TASK INSTRUCTIONS: The entries below contain pictures, which are to be left out; write out exactly, and only, the lines from the line with "Very well optioned" up to and including the line with "This chic and".

PROVIDED ENTRIES:
···
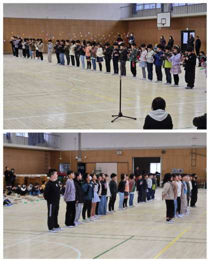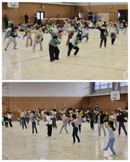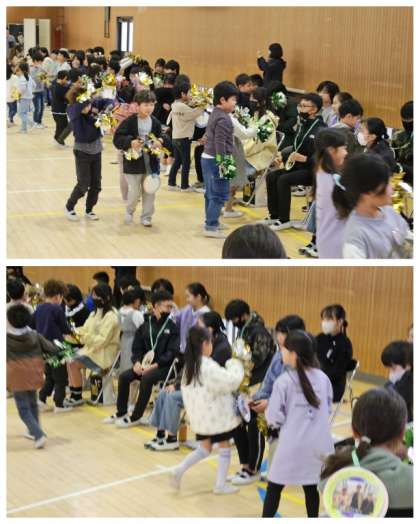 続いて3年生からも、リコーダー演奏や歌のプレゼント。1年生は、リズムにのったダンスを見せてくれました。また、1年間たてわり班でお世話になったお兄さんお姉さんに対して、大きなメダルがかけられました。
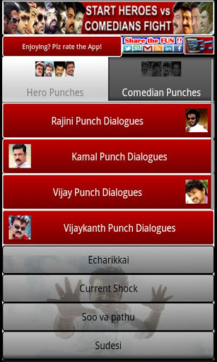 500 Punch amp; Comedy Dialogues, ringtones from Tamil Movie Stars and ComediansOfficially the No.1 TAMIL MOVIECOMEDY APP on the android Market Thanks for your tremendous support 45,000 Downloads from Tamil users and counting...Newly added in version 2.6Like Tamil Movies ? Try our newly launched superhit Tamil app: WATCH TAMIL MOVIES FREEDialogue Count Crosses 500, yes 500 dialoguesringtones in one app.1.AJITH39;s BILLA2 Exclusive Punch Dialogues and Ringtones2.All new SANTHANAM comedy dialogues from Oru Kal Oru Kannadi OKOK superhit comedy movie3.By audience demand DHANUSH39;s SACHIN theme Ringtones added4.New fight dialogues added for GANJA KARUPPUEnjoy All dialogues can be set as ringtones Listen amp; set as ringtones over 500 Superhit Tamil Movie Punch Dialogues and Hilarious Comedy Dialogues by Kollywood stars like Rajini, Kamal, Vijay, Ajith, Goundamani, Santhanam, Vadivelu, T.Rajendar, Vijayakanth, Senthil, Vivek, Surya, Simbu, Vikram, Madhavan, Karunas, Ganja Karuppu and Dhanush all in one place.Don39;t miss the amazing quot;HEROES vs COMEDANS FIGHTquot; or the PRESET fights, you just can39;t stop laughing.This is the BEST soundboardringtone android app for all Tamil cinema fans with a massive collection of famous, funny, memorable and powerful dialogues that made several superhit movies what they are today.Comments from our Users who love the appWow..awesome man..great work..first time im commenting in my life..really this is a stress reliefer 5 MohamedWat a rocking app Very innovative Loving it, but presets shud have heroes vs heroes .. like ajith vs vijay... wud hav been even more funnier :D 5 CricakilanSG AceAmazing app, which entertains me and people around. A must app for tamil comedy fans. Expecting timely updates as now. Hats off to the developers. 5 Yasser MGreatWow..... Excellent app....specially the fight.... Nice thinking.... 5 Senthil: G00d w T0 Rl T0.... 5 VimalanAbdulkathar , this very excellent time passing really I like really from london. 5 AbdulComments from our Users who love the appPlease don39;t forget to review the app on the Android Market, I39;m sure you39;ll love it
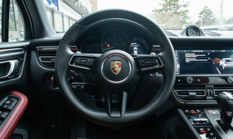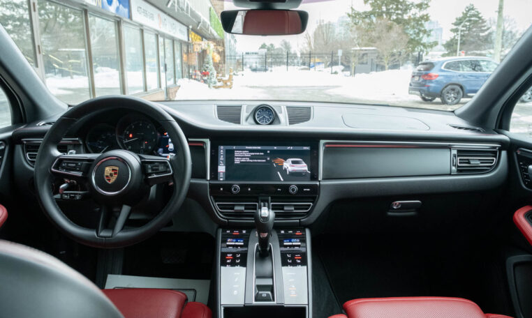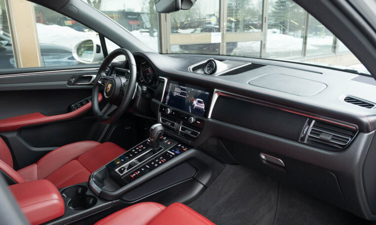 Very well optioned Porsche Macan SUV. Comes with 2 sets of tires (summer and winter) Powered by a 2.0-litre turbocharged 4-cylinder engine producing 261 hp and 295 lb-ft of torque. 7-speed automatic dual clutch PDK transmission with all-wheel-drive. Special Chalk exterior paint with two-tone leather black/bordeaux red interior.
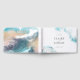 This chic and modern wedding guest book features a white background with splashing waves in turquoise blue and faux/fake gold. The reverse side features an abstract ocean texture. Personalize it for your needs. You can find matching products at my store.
···
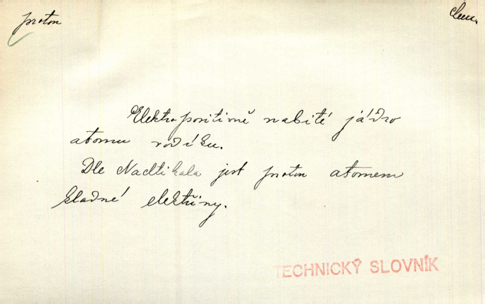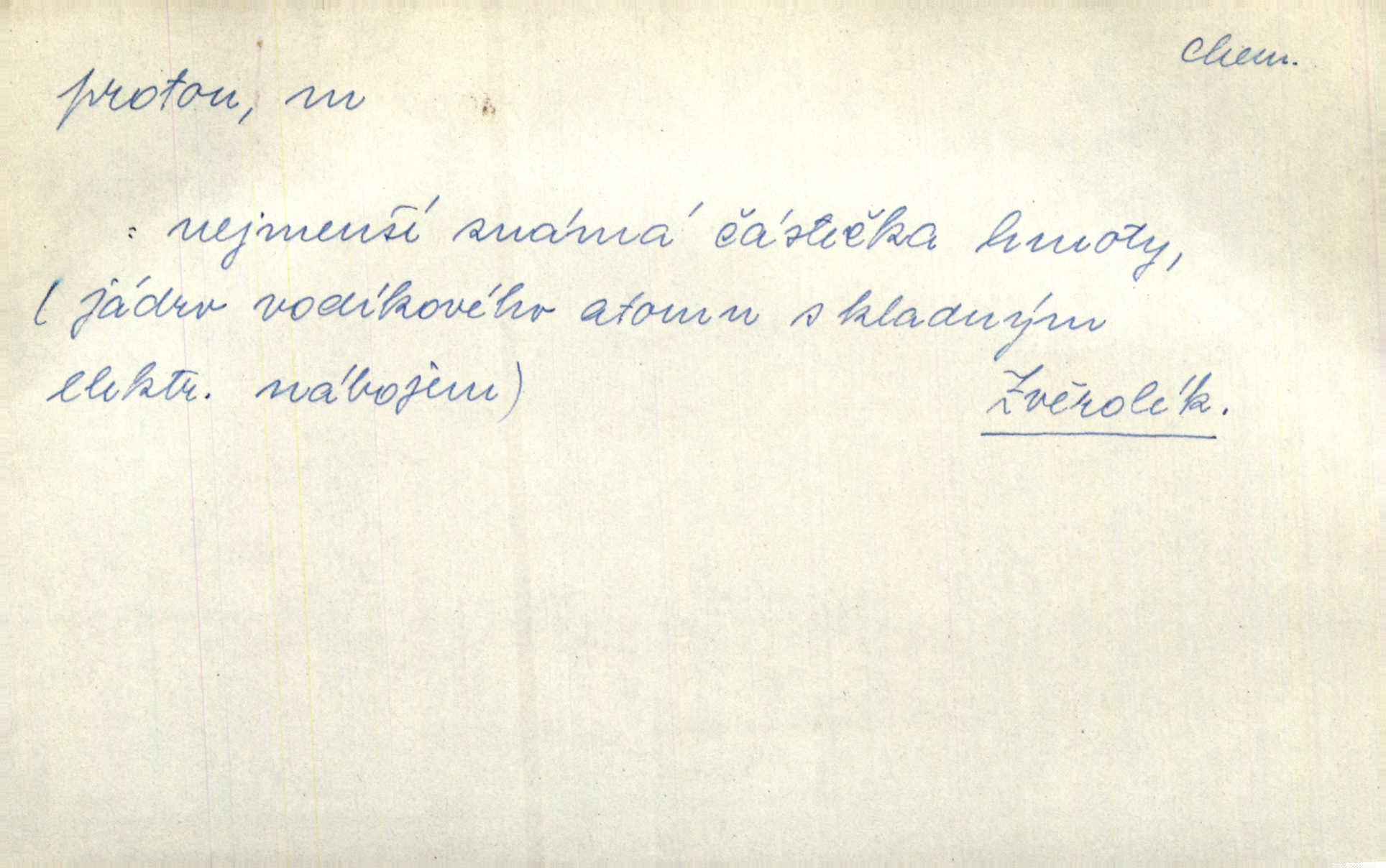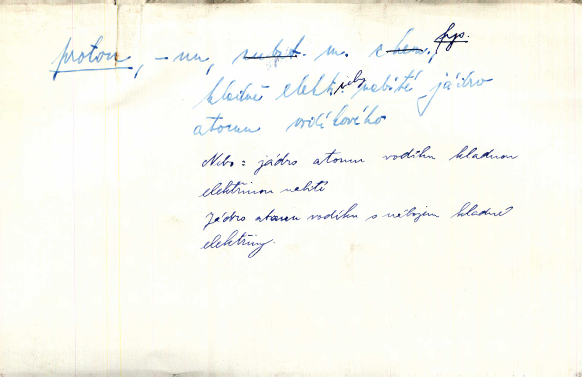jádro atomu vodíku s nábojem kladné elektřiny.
···
RESULT OF THIS TASK:
 Very well optioned Porsche Macan SUV. Comes with 2 sets of tires (summer and winter) Powered by a 2.0-litre turbocharged 4-cylinder engine producing 261 hp and 295 lb-ft of torque. 7-speed automatic dual clutch PDK transmission with all-wheel-drive. Special Chalk exterior paint with two-tone leather black/bordeaux red interior.
 This chic and modern wedding guest book features a white background with splashing waves in turquoise blue and faux/fake gold. The reverse side features an abstract ocean texture. Personalize it for your needs. You can find matching products at my store.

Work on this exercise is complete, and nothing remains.